1) Does StarWind plan on getting at least the pay-for version of this on the HCL list for ESXi 5.1? I can't purchase software for use with VMWare w/out it being on the HCL.

2) Are there any other advanced troubleshooting guides for connecting VMWare volumes to the StarWind SAN? I've seen the ESXi configuration guide with the MPIO settings, but that isn't really relevant when I can't saturate even a single 1Gbe NIC more than 20%. There has to be a logical reason why it's limited to 20MB/sec. The only other similarity with the other posts was that my RAID controllers are LSI, but so are probably 75% of the controllers on the market since both Dell and HP use LSI-based controllers now.

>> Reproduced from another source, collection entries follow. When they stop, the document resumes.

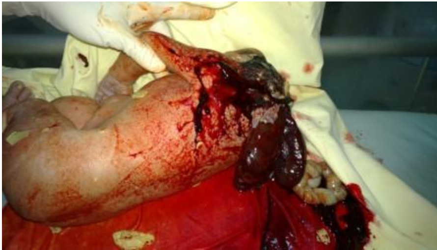
Fig. 3. Se observa feto acráneo con masa disforme en la proyección cefálica posterior.

Se realiza cesárea obteniéndose feto único acráneo, sexo masculino, peso de 3000gs, talla 48 cms (Figuras 3 y 4).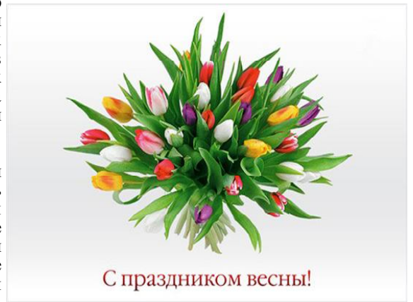
С праздником весны!

Материал подготовлен Светланой СВЕТИКОВОЙ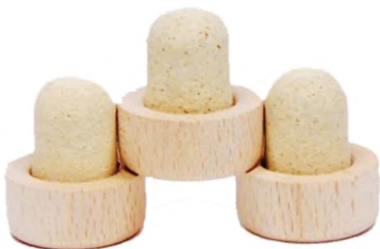
а) С корпусом из микроагломерированной пробки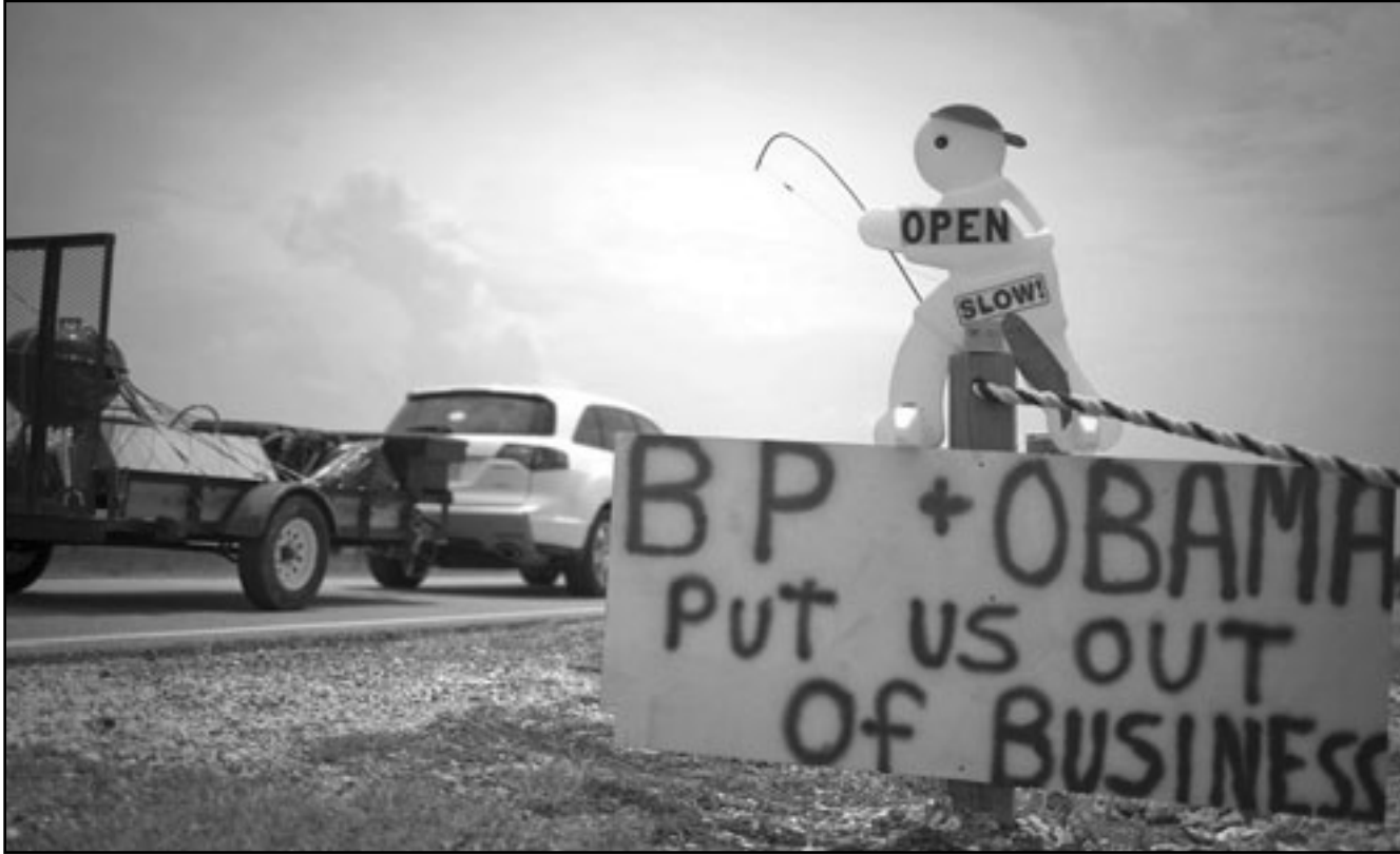
ياضفة على جانب الطريق وضعا سكان جزيرة قرب سواحل لويزيانا التي تضررت من البقع النفطية كتب عليها «بي بي وأوباما أخرجنا من مجال العمل».

الاسبوع الماضي الى ان كمية تتراوح بين 12 الف برميل و19 الفاً تتسرب يوميا من البئر وهي ارقام تزيد كثيرا عما اعلنته بي.بي. وهو خمسة آلاف برميل يوميا. وقال أوباما يوم السبت الماضي «إن كل يوم يمر مع استمرار هذا التسرب يمثل اعتداء على اهالي منطقة ساحل الخليج وعلى أرزاقهم والثروة الطبيعية التي تحضنا جميعا».

Any help would be greatly appreciated.

Thanks,

- Jeff
jeffhoward001
Posts: 4
Joined: Fri Mar 29, 2013 12:21 am

Fri Mar 29, 2013 7:09 pm

Is it possible for someone to confirm if 10-20MB/sec writes are expected for your product when connecting via the ESXi software initiator? I did some additional testing this morning, and reads seem to be faster (50-60MB/s per NIC) but still not really close to wire speed. At this point I can handle 50MB/sec on reads, but 10MB/sec writes are a deal-breaker.
jeffhoward001
Posts: 4
Joined: Fri Mar 29, 2013 12:21 am

Fri Mar 29, 2013 7:18 pm

One other observation I noticed from other posts on this topic. In most of these scenarios, the Starwind engineer seems really concerned about the underlying storage system (e.g. RAID card, type, block-size, etc). While that's good information to have, I'm curious why that's relevant since most people (including myself) provide evidence in the initial post that the underlying storage sub-system is working fine. Meaning, if I had a problem with block-level alignment between Windows and the stripe sizing on my RAID array, that would have already manifested itself in poor performance for all I/O at the Windows OS level on the Starwind server, right?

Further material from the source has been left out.